Proxy

HAproxy = proxy + loadbalancer Nginx = proxy + web server + load balancer squid is a caching and forwarding HTTP web proxy

HaProxy is the best opensource loadbalancer on the market. Varnish is the best opensource static file cacher on the market. Nginx is the best opensource webserver on the market.

(of course this is my and many other peoples opinion)

But generally.. not all queries go through the entire stack..

Everything goes through haproxy and nginx/multiple nginx's. The only difference is you "bolt" on varnish for static requests..

HAproxy is simpler (being just a tcp proxy without an http implementation), which makes it faster and less bug prone. I've had nginx crash on me in a reverse-proxy-load-balancer configuration, but not haproxy. The downside is that you can't route based on information in the http layer, like session cookies or url paths. nginx can also cache requests, which haproxy can't do.

HAProxy is a superior load balancer to nginx. HAProxy can do out-of-band health checks, whereas nginx only knows a backend to be "down" when it serves a 500. Also, HAProxy is a general TCP load balancer, whereas nginx will work only on HTTP traffic.

Others in this thread say that nginx does "complicated tasks" better, but chances are, if you're doing a "complicated task" in your load balancer, you've made a mistake somewhere in your application design.

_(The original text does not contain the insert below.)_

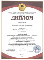 Фильшина Светлана Михайловна, Победитель Всероссийской олимпиады руководителей и педагогов общеобразовательных организаций «Финансовая компетентность педагога дошкольной образовательной организации в современных условиях» (регистрационный номер 2021-10-16-01-240 16.10.2021)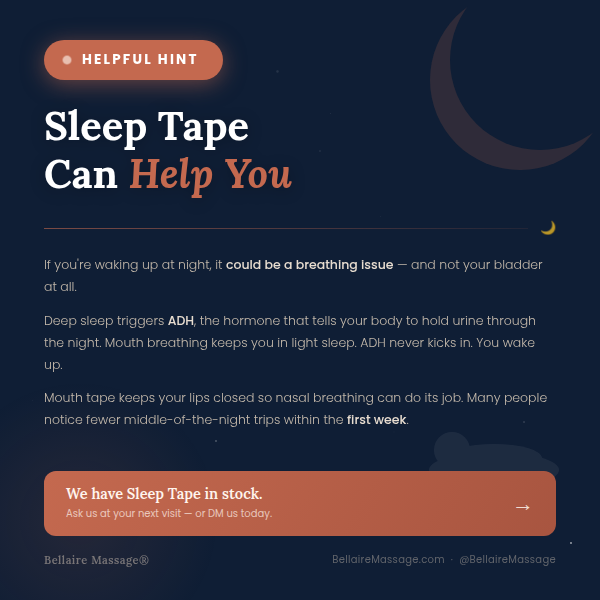 Mouth tape keeps your lips closed so you breathe through your nose like you’re supposed to. Nasal breathing is slower, quieter, and a lot easier on your nervous system. A lot of people who start taping notice fewer middle-of-the-night bathroom trips within the first week.

A forward proxy is a proxy configured to handle requests for a group of clients under the local Administrators control to an unknown or arbitrary group of resources that are outside of their control. Usually the word “forward” is dropped and it is referred to simply as a proxy, this is the case in Microsoft’s topology. A good example is a web proxy appliance which accepts web traffic requests from client machines in the local network and proxies them to servers on the internet. The purpose of a forward proxy is to manage traffic to the client systems

A reverse proxy is a proxy configured to handle requests from a group of remote or arbitrary clients to a group of known resources under the control of the local Administrator. An example of this is a load balancer (a.k.a. application delivery controller) that provides application high availability and optimization to workloads like as Microsoft Skype, Exchange and SharePoint. The purpose of a reverse proxy is to manage the server systems.